You have to do things differently because:
- They believe that everyone is a potential danger to them emotionally.
Know that their pain is within themselves. You have nothing to do with it, so don’t take it as your fault, no matter what he says.
Shouting at, belittling, or abusing others is their desperate attempt to get some respect and get rid of the pain they are feeling. It is possible that this pain occurred in childhood or emotional, physical, verbal or sexual pain. It’s not about you.
- You avoid confronting them and their behavior.
You need to do your inner work. If you think or feel that the bad ways someone treats you are because you deserve it, you have work to do.
No one has the right to treat you badly. So, get some relationship help – work on your relationship with yourself, your self-esteem, and your confidence. Acquire some good communication, conflict management, and negotiation skills too.
Related: 5 Roles We Play In A Narcissist’s Life
- You are not a doormat.
You must set and maintain boundaries. If by chance you’re a doormat, now’s the time to stand up, unburden yourself, and never put yourself in that position again. positively do this, showing them love, concern, and empathy, but clearly explaining the specific behaviors that need to stop.
Keep in mind: You want to talk about the behavior that needs to stop, not the person. You want them to know that changing this behavior will get them more of what they want and less of what they don’t want. Set clear limits and boundaries with their consequences. Then keep it no matter how hard it is.
When you don’t keep your boundaries, they don’t trust or respect your word.

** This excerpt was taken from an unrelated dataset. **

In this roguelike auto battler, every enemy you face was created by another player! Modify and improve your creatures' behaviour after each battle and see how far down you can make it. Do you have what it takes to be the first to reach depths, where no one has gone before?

- These behaviors are accidental.
It’s all over the place, but you need consistency. Being with these people is like riding a roller coaster. They can show love and remorse when they are threatened with potential loss, and then act just as rude and aggressive when they feel they are not getting the respect and attention they “deserve.”
You have to stay true to yourself, live by your values, beliefs, and purpose all the time, not change who you are to fit in with them, make them happy (nothing does that), or make them like you more (you just go with what they want).

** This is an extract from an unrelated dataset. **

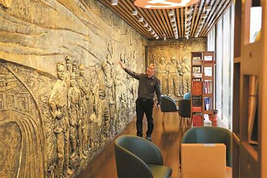 ■驻茂名市电白区麻岗镇工作队队员林桂鹏介绍党史学习教育基地壁画展现的红色历史。
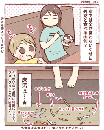 【漫画】突然立ち上がる、何度もフォークを落とす… 2歳児との“外食あるある”に「分かりすぎる!」と共感の嵐

- You think providing negative feedback helps.
You must change this belief when dealing with these people. Negative comments confirm how they feel about themselves, and make your comments real; It can scare and excite them.
Reduce and remove emotional threats. Address specific behaviors and what can replace them that will help you feel more involved and respond positively.
- Falling into toxic patterns of interaction.
It is very important to remain vigilant about stopping your enabling behaviors. What are those? Doing what someone else wants us to do to keep them happy, keep the peace, or join them in pretending there is no problem, which is commonly called “denial.” means making or accepting excuses for misconduct; Or accepting that it is someone else’s fault for behaving the way they do.
Enablers have weak boundaries, trust very easily, have a poor sense of their own worth, and most importantly seek validation through actions. They think the deranged person will love them better if they join them in their denial!
Related: 5 Roles We Play In A Narcissist’s Life
This is where “difficulty” turns dangerous. If you do nothing, you are part of the problem.
The potential for violence sounds harsh, but it is what it is. Say the wrong word. Look at them sideways. Inquire about their behaviour. Suggest they may have a mistake. They are late for dinner. answer them. They demanded equality. All of this can unleash the potential for violence that flows into a torrent of accusations, derogatory comments, withholding of affection, or physical or sexual abuse.